- **GOAL OF THE EXERCISE**
Among the lines below, take the one holding "LA COMMUNION ▲", the one holding "fabrique et l'USCNC.", and all lines between them. Set them down exactly.

- **SUPPLIED DATA**
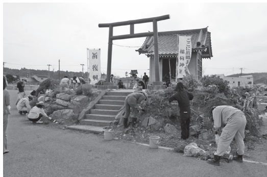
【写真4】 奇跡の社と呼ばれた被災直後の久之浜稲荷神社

==

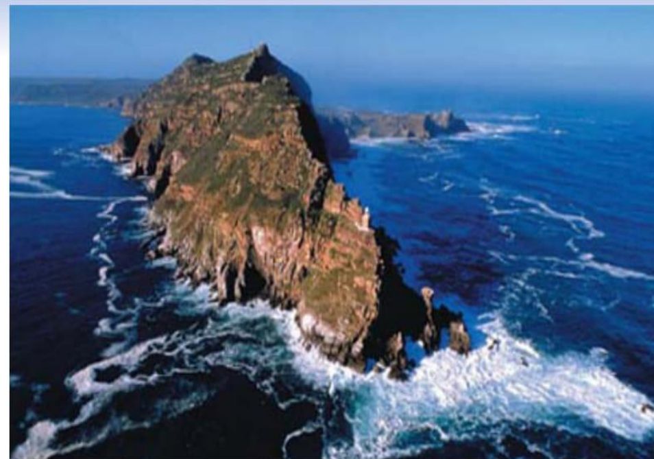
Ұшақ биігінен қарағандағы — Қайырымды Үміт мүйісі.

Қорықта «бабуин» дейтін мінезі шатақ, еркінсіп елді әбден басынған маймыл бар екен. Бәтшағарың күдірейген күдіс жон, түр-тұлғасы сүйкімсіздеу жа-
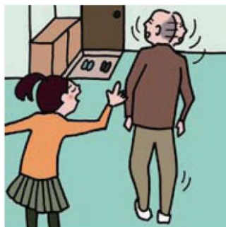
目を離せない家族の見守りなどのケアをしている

---

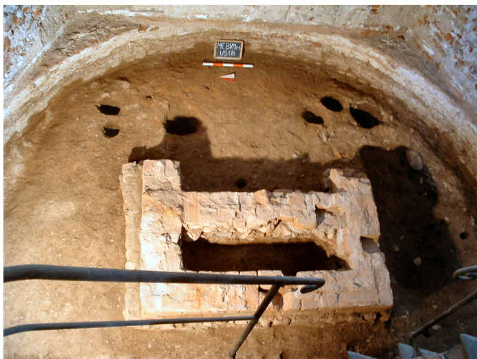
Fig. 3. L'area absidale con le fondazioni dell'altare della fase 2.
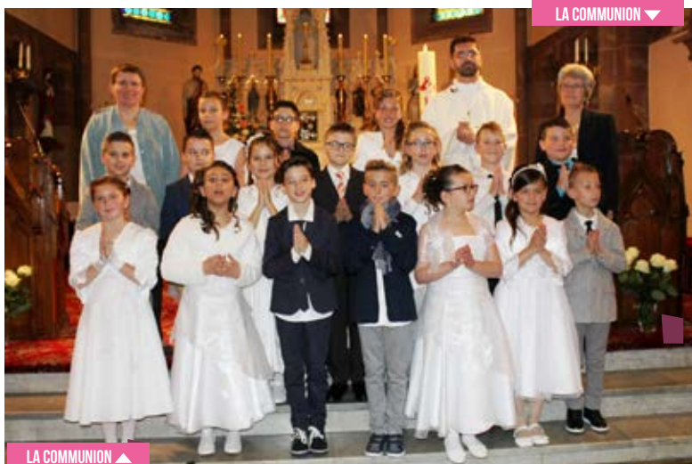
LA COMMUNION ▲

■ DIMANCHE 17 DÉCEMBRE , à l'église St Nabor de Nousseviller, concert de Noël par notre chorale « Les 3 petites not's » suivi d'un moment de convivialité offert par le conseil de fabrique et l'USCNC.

- **RESPONSE BOX**
LA COMMUNION ▲

■ DIMANCHE 17 DÉCEMBRE , à l'église St Nabor de Nousseviller, concert de Noël par notre chorale « Les 3 petites not's » suivi d'un moment de convivialité offert par le conseil de fabrique et l'USCNC.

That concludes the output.